* Task item *
Below are some records; copy them word for word and drop the pictures.

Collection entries
BEGIN

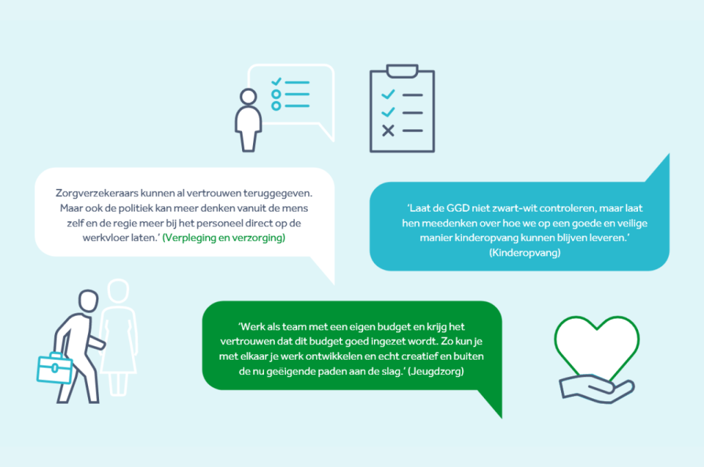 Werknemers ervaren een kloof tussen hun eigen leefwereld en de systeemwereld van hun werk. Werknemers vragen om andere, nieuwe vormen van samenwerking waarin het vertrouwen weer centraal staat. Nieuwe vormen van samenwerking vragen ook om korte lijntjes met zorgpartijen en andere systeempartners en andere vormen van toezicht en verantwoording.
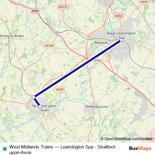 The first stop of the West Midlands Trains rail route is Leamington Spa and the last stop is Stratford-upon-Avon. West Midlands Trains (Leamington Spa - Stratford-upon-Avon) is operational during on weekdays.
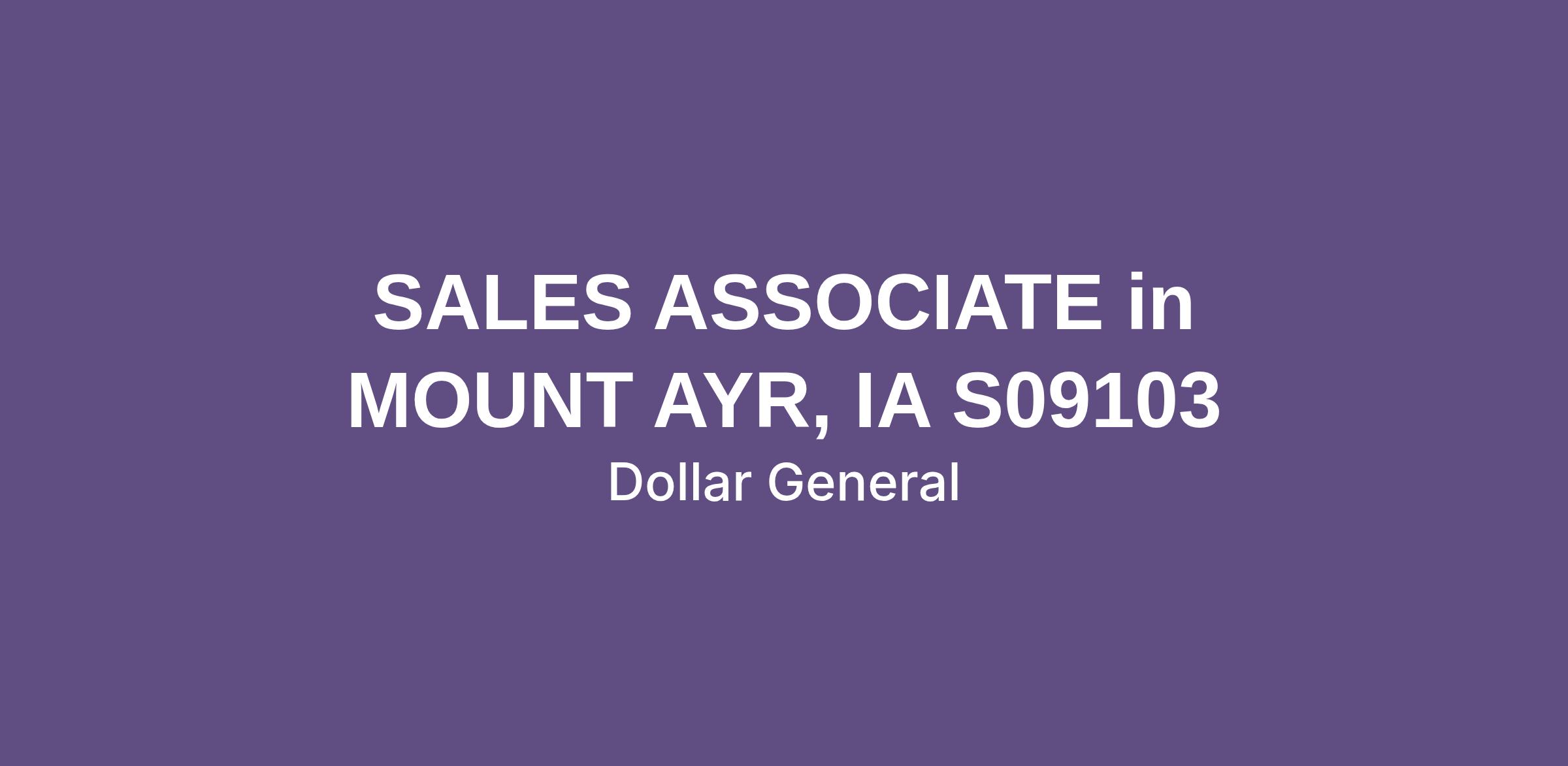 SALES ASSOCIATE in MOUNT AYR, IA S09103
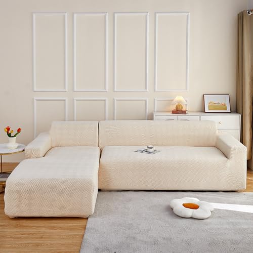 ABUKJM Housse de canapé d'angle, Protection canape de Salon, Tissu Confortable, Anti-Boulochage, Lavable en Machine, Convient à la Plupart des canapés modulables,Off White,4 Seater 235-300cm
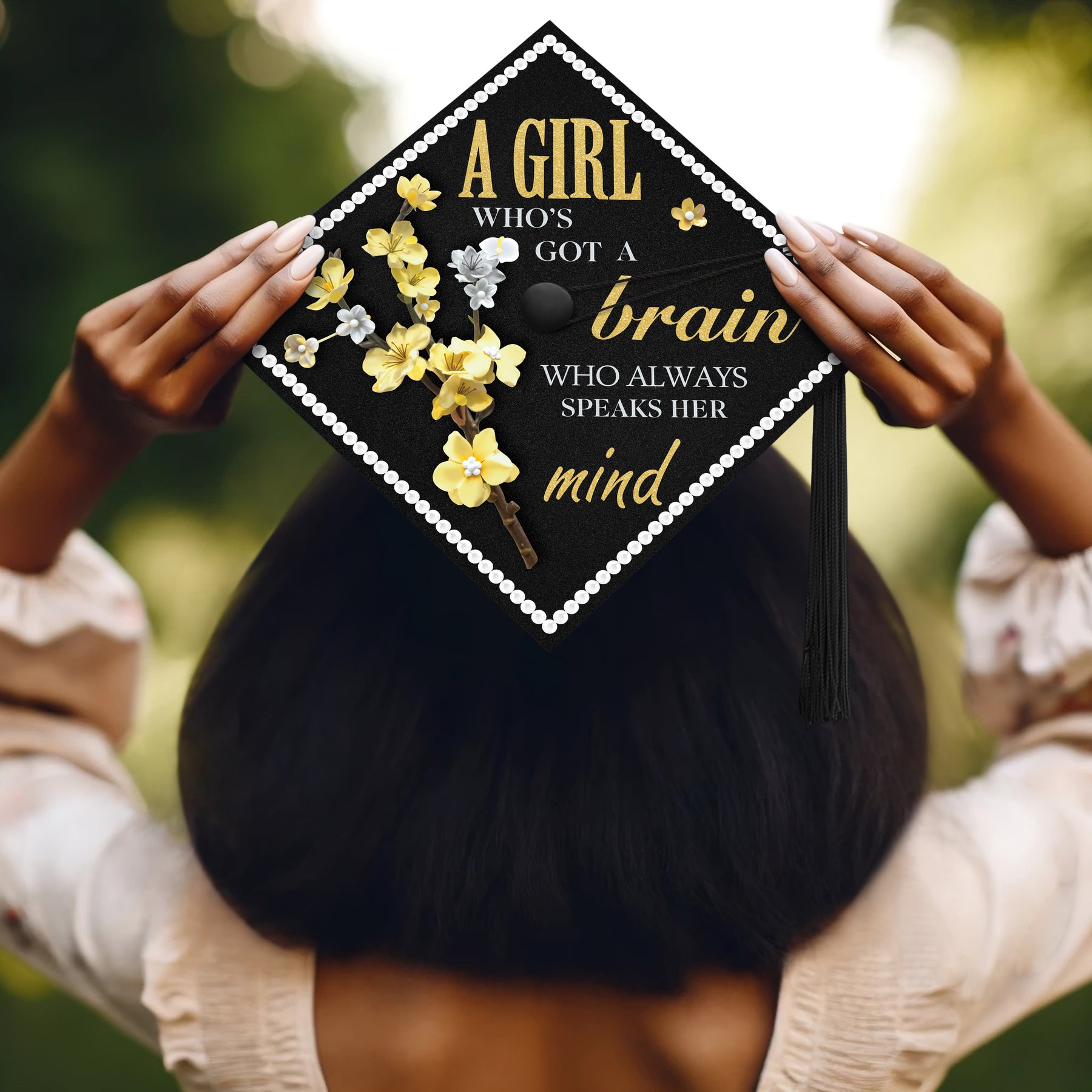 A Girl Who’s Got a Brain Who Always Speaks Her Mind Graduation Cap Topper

END

* Expected answer *
 Werknemers ervaren een kloof tussen hun eigen leefwereld en de systeemwereld van hun werk. Werknemers vragen om andere, nieuwe vormen van samenwerking waarin het vertrouwen weer centraal staat. Nieuwe vormen van samenwerking vragen ook om korte lijntjes met zorgpartijen en andere systeempartners en andere vormen van toezicht en verantwoording.
 The first stop of the West Midlands Trains rail route is Leamington Spa and the last stop is Stratford-upon-Avon. West Midlands Trains (Leamington Spa - Stratford-upon-Avon) is operational during on weekdays.
 SALES ASSOCIATE in MOUNT AYR, IA S09103
 ABUKJM Housse de canapé d'angle, Protection canape de Salon, Tissu Confortable, Anti-Boulochage, Lavable en Machine, Convient à la Plupart des canapés modulables,Off White,4 Seater 235-300cm
 A Girl Who’s Got a Brain Who Always Speaks Her Mind Graduation Cap Topper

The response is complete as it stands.